Your objective: What you output must match the entries exactly, apart from the pictures, which are left out.

Stored data:
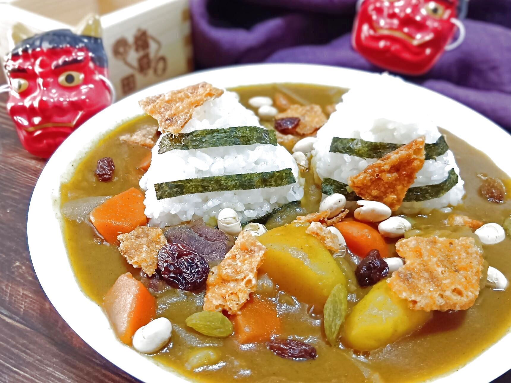 その上に③と節分の豆を目立つようにのせ、お好みでレーズンをトッピングします。
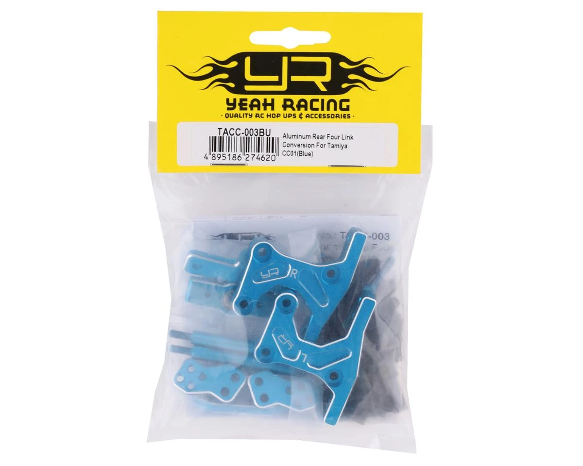 Yeah Racing Tamiya CC-01 Aluminum Rear Four Link Conversion Kit. This optional four link kit is great increasing the flex characteristics of the Tamiya CC-01. Using this will also allow the user to select between 242 and 252mm wheelbase options. Package includes one complete four-link conversion kit.
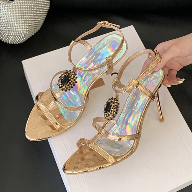 Liyke 2025 New Fashion Gem Strap Ankle Buckle Women Sandals Summer Open Toe Gold High Heels Wedding Prom Shoes Zapatos Mujer
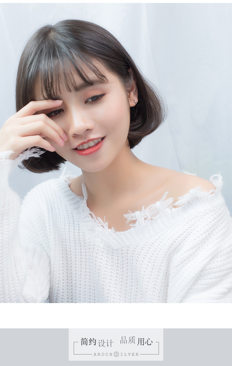 S925 botón de orejas de plata para mujeres estilo japonés y coreano simple brillante círculo corto de orejas temperamento botón de orejas clavo de orejas E1013
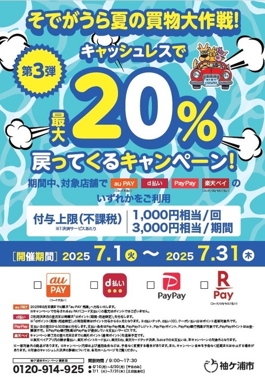 市では物価高騰の影響を受けている生活者の負担を緩和するとともに中小企業等の経営を支援するため、国の物価高騰対応重点支援地方創生臨時交付金を活用し、キャッシュレス決済でのお支払い額を対象に、ポイントを最大20%還元するキャンペーンを実施します。
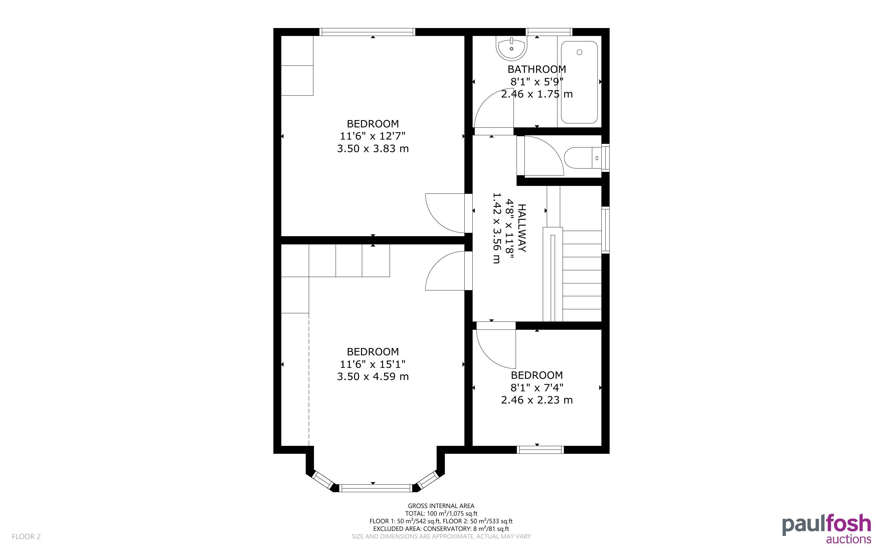 First Floor: Landing, 3 bedrooms, bathroom
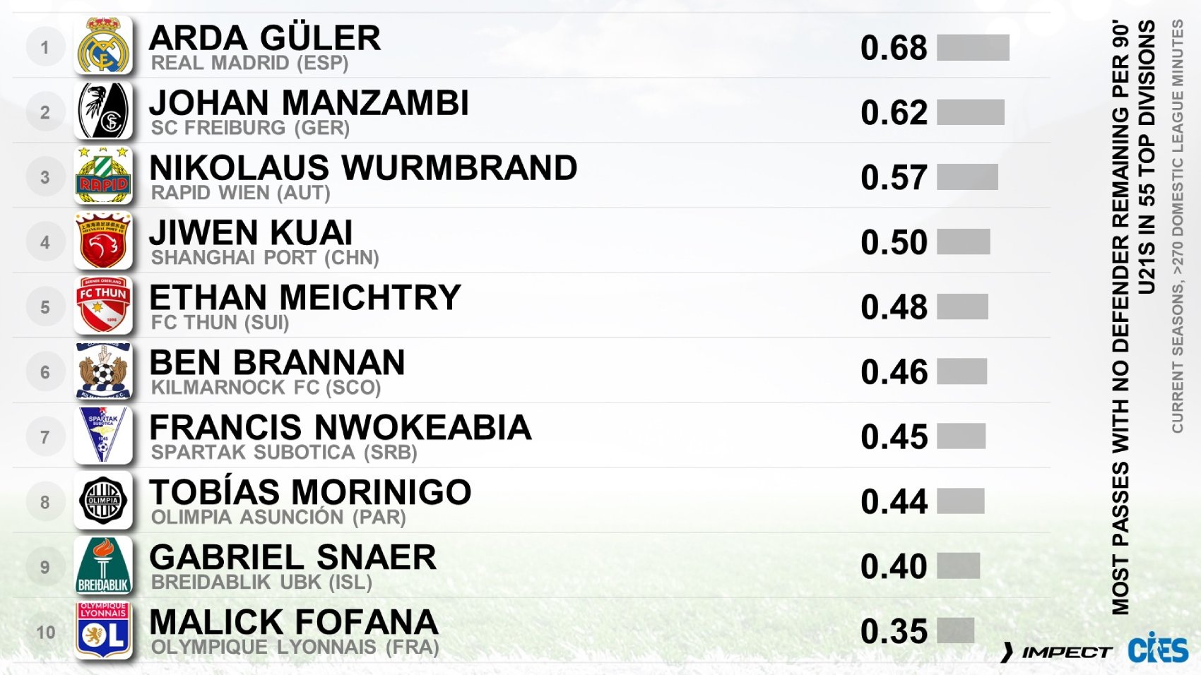 Second, he ranks first in progressive passing efficiency, making the most passes that place a teammate closer to goal than an opponent — averaging 0.68 per 90 minutes. Behind him are Johan Manzambi (Freiburg, 0.62) and Nikolaus Wurmbrand (Rapid Vienna, 0.57).

Response area:
 その上に③と節分の豆を目立つようにのせ、お好みでレーズンをトッピングします。
 Yeah Racing Tamiya CC-01 Aluminum Rear Four Link Conversion Kit. This optional four link kit is great increasing the flex characteristics of the Tamiya CC-01. Using this will also allow the user to select between 242 and 252mm wheelbase options. Package includes one complete four-link conversion kit.
 Liyke 2025 New Fashion Gem Strap Ankle Buckle Women Sandals Summer Open Toe Gold High Heels Wedding Prom Shoes Zapatos Mujer
 S925 botón de orejas de plata para mujeres estilo japonés y coreano simple brillante círculo corto de orejas temperamento botón de orejas clavo de orejas E1013
 市では物価高騰の影響を受けている生活者の負担を緩和するとともに中小企業等の経営を支援するため、国の物価高騰対応重点支援地方創生臨時交付金を活用し、キャッシュレス決済でのお支払い額を対象に、ポイントを最大20%還元するキャンペーンを実施します。
 First Floor: Landing, 3 bedrooms, bathroom
 Second, he ranks first in progressive passing efficiency, making the most passes that place a teammate closer to goal than an opponent — averaging 0.68 per 90 minutes. Behind him are Johan Manzambi (Freiburg, 0.62) and Nikolaus Wurmbrand (Rapid Vienna, 0.57).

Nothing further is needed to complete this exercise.